Simplifies edge and cloud sync: PowerSync and MongoDB work together to bridge in-car and cloud environments without friction.

This architecture is designed to scale, evolve, and adapt—just like the vehicles it supports. With MongoDB at the core, automakers can focus less on data plumbing and more on delivering smart, helpful in-car experiences that truly make a difference on the road.

Data Model Approach

Data is at the heart of any AI-powered experience. The quality, structure, and accessibility of your data are what make or break the experience. In this solution, MongoDB’s document model plays a central role—enabling flexibility, speed, and scale for developers building intelligent in-car assistants.

Unlike traditional relational databases that rely on rigid tables and complex joins, MongoDB stores data as flexible documents. This makes it easier to represent real-world data structures, like vehicle telemetry or embedded knowledge chunks, exactly as they are used in code. It also means you can iterate faster, adapt your model without downtime, and build new capabilities as your application evolves.

Built for Innovation and Speed

The document model is designed for how developers think. Need to add metadata to your diagnostic data? Or associate multiple content types with a single manual section? In MongoDB, that’s just a few lines of code—not a schema rewrite. And because each document is self-contained, queries are faster and simpler.

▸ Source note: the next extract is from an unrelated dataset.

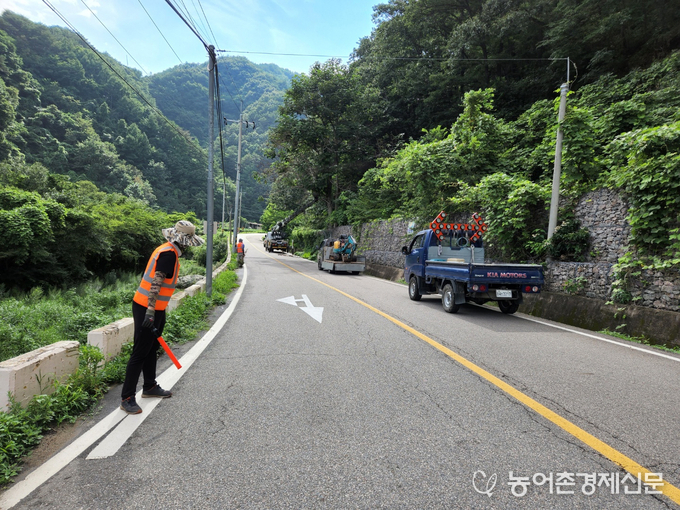 지난 1일부터 시행한 이번 정비사업은 지방도·군도·농어촌도로 6개 노선 41.3km를 정비할 계획이며, 장비와 도로 보수원 등 전가용인력을 총 동원한다.

Fewer joins, fewer moving parts, and more time to build.

This flexibility also unlocks faster innovation cycles. As new vehicle features roll out or user expectations shift, teams can evolve the data model on the fly without expensive migrations or app downtime.

The Natural Choice for AI Workloads

Generative AI thrives on rich, diverse, and unstructured data. Embeddings, contextual metadata, structured references—all of it plays a part in making AI systems smarter. MongoDB is uniquely suited for these kinds of applications:

Store vector embeddings, metadata, and source content in a single document.
Combine structured and vector data without jumping between systems.
Query vector and non-vector fields together for contextual, accurate results.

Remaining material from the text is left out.